I do not believe that the Minister provided any specifics in that answer. What is his plan for the workers in the closing coal plants? Why are yards in Fife losing out to international rivals for wind farms that are only a few miles away? Why has Dyson, a British company, chosen Singapore over the UK for the production of its electric vehicles? Germany is investing €1.5 billion in battery production; this Government’s measly £246 million comes nowhere near that.
The truth is that the party that devastated the UK’s industrial heartlands in the 1980s does not have a just transition plan. Will the Minister put ideology and laissez-faire economics aside and work with us on this side to make a real green industrial revolution a reality?

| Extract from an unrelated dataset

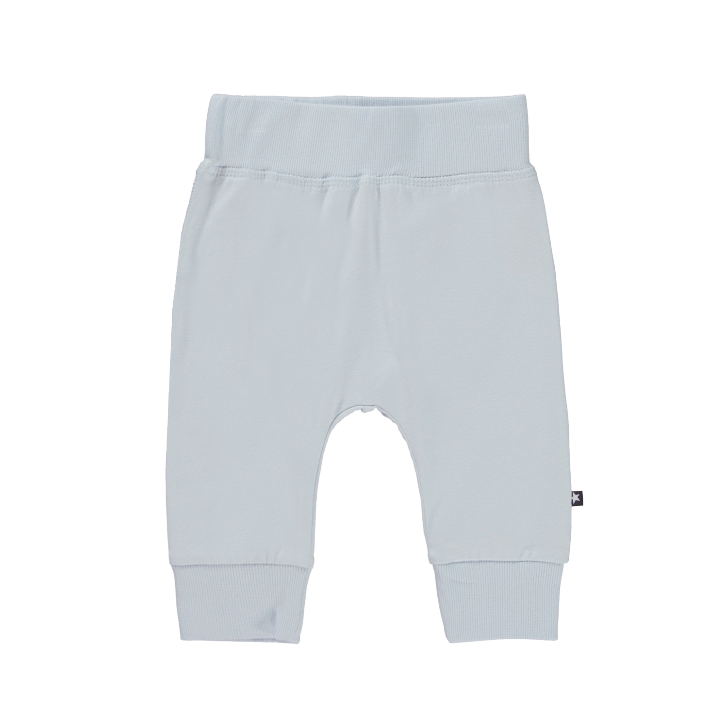 Sammy ist eine eisblaue Babyhose aus 100 % Öko-Baumwolljersey. Die Hose hat breiten elastischen Ripp an der Taille und am Beinabschluss, die für eine bequeme Passform sorgt.

The hon. Lady seems obsessed with talking about the 20th century. I want to talk about the 21st century—about what will be going on when we get to 2030. Why did she not talk about Jaguar Land Rover’s announcement yesterday that it will be investing in building electric vehicles here, in the midlands? Why did she not speak about the fact that electric Minis will now be rolling from plants in Oxford? These are positive investments for the United Kingdom, which demonstrate that we can make the change towards net zero and clean technology by having clean growth—by investing in the economy and in jobs and ensuring that we have record levels of new green jobs going forwards.
Order. Shorter questions and shorter answers are required.